Designierte Vizechefin des Petitionsausschusses

Martina Stamm-Fibich bei einer Rede im Plenum des Deutschen Bundestages. Foto: Deutscher Bundestag/Achim Melde

Martina Stamm-Fibich bei einer Rede im Plenum des Deutschen Bundestages. Foto: Deutscher Bundestag/Achim Melde

27-02-2018 Die SPD-Bundestagsfraktion hat mich zur designierten stellvertretenden Vorsitzenden des Petitionsausschusses gewählt. Der Ältestenrat hatte sich zuvor bereits geeinigt, dass der stellvertretende Vorsitz bei der SPD-Fraktion liegen soll. Als Vorsitzende des Petitionsausschusses wurde schon Ende Januar Heike Brehmer (CDU) bestimmt, die zuvor den Tourismusausschuss leitete. Ich bin dankbar für das Vertrauen meiner Fraktion und freue mich auf die Zusammenarbeit im Ausschuss.

Die SPD hatte sich im Wahlprogramm zur Bundestagswahl 2017 auf die Fahnen geschrieben direkte Demokratiebeteiligung auf Bundesebene zu stärken. Dazu soll das Petitionswesen beim Deutschen Bundestag weiterentwickelt werden. Ziele sind unter anderem der barrierefreie Zugang für Menschen mit Behinderungen, bessere Einbindung von Kindern und Jugendlichen und mehr öffentliche Ausschusssitzungen.

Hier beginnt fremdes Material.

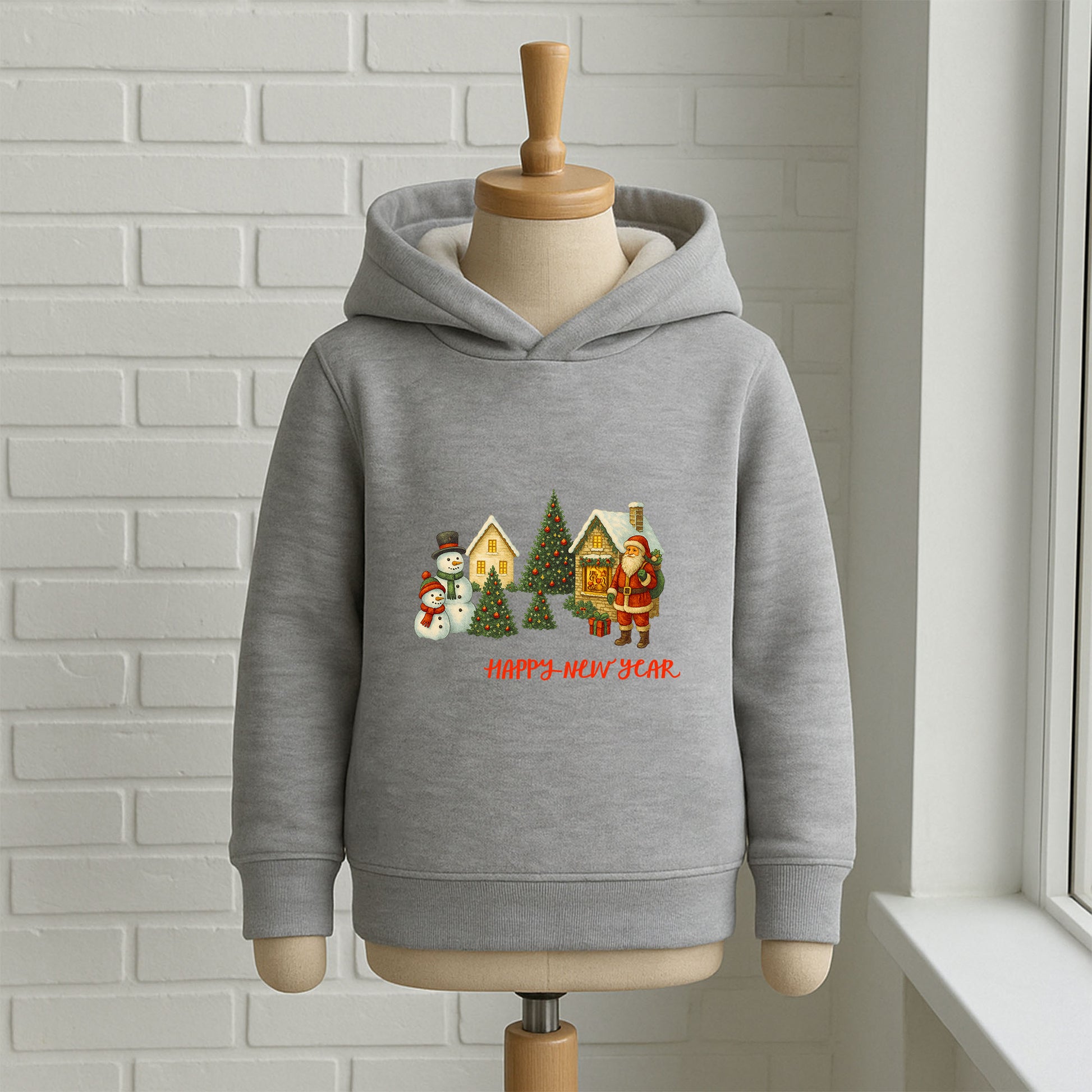 Happy New Year Köy Temalı Çocuk Sweatshirt – Kışlık Yılbaşı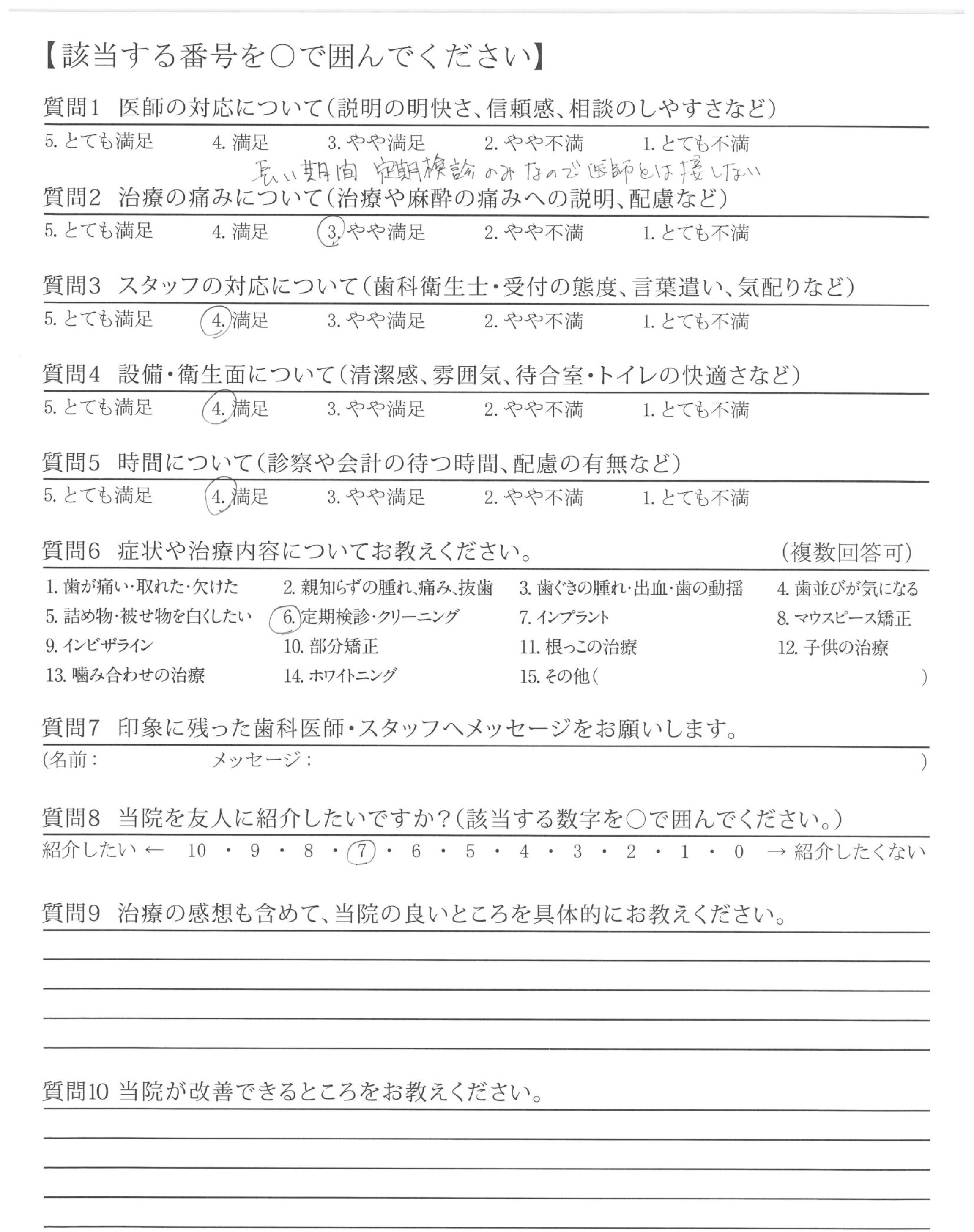 定期検診では先生に診ていただくことはありませんが、以前の虫歯の際は抜歯がとてもスムーズで、しっかりと説明していただきました。

Auch das derzeit bei 50.000 Unterschriften innerhalb von vier Wochen liegende Quorum für die öffentliche Beratung von Petitionen will die SPD absenken.

Die Unionsparteien CDU und CSU und die SPD haben im Koalitionsvertrag, über dessen Annahme die SPD-Mitglieder noch bis zum 4. März entscheiden, vereinbart die Potentiale der Digitalisierung zur Stärkung der Demokratie nutzen zu wollen und die politischen Beteiligungsmöglichkeiten der Bürgerinnen und Bürger auszubauen. Auch die Teilhabemöglichkeiten für Jugendliche sollen ausgebaut und neue Formen der Bürgerinnen- und Bürgerbeteiligung entwickelt werden.

Unabhängig vom Ausgang des SPD-Mitgliederentscheids über den Eintritt in eine Neuauflage der Großen Koalition ist es wichtig, das in Artikel 17 unseres Grundgesetzes verankerte Petitionsrecht zu stärken.